* _Directions for this task_: Reproduce word for word the lines between those holding "Engraved Starfish Oval" and "再来说说机身材质,这次真我G", inclusive, and nothing else from the data below.

* _Exercise material_:
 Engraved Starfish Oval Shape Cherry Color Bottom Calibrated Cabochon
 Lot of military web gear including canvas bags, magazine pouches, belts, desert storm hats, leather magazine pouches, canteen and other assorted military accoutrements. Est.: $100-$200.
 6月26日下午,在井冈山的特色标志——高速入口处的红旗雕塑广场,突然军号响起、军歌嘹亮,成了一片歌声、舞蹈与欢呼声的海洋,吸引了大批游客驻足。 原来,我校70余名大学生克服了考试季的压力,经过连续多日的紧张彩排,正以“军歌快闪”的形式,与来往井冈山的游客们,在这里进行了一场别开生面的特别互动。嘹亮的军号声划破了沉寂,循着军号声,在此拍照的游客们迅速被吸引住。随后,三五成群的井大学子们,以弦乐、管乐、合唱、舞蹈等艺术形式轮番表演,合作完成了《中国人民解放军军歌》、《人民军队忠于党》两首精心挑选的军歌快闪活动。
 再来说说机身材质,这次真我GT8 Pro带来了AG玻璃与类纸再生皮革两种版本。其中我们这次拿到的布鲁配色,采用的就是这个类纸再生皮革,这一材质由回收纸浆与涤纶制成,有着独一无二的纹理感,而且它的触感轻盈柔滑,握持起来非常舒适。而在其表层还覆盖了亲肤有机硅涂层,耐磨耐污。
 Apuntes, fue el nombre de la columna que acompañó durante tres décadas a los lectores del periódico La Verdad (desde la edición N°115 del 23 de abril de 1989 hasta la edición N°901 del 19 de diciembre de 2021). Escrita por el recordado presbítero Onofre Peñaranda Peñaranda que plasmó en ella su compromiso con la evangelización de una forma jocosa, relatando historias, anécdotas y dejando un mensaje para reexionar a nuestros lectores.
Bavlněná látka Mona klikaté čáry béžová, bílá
==
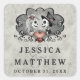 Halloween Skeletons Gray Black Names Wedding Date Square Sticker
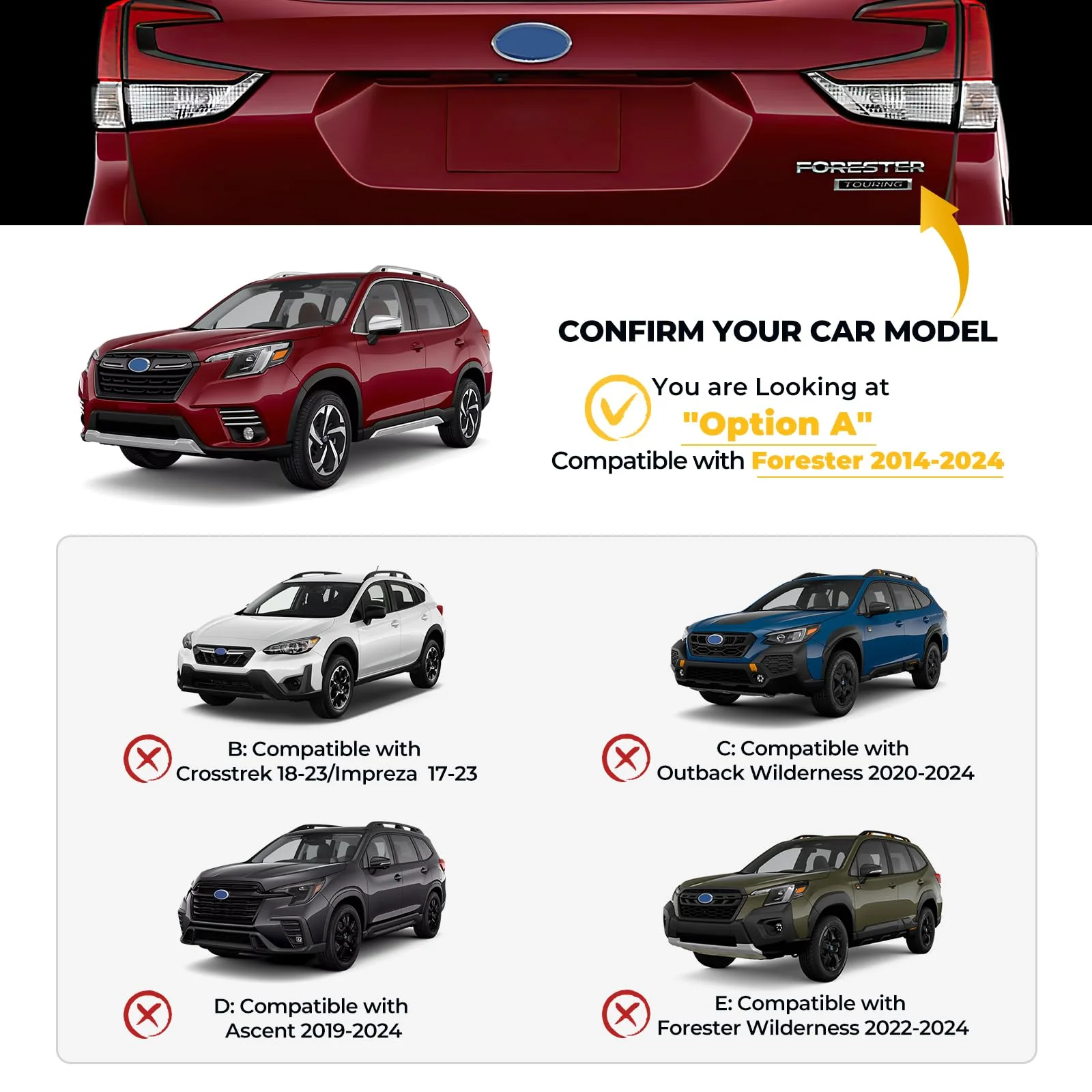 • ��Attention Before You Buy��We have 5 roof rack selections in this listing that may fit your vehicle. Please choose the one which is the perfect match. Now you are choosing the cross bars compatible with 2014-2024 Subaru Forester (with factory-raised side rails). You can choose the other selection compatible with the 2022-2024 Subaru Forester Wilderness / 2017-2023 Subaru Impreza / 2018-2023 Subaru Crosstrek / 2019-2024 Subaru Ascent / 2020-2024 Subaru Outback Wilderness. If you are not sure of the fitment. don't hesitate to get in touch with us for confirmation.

* _Written solution_:
 Engraved Starfish Oval Shape Cherry Color Bottom Calibrated Cabochon
 Lot of military web gear including canvas bags, magazine pouches, belts, desert storm hats, leather magazine pouches, canteen and other assorted military accoutrements. Est.: $100-$200.
 6月26日下午,在井冈山的特色标志——高速入口处的红旗雕塑广场,突然军号响起、军歌嘹亮,成了一片歌声、舞蹈与欢呼声的海洋,吸引了大批游客驻足。 原来,我校70余名大学生克服了考试季的压力,经过连续多日的紧张彩排,正以“军歌快闪”的形式,与来往井冈山的游客们,在这里进行了一场别开生面的特别互动。嘹亮的军号声划破了沉寂,循着军号声,在此拍照的游客们迅速被吸引住。随后,三五成群的井大学子们,以弦乐、管乐、合唱、舞蹈等艺术形式轮番表演,合作完成了《中国人民解放军军歌》、《人民军队忠于党》两首精心挑选的军歌快闪活动。
 再来说说机身材质,这次真我GT8 Pro带来了AG玻璃与类纸再生皮革两种版本。其中我们这次拿到的布鲁配色,采用的就是这个类纸再生皮革,这一材质由回收纸浆与涤纶制成,有着独一无二的纹理感,而且它的触感轻盈柔滑,握持起来非常舒适。而在其表层还覆盖了亲肤有机硅涂层,耐磨耐污。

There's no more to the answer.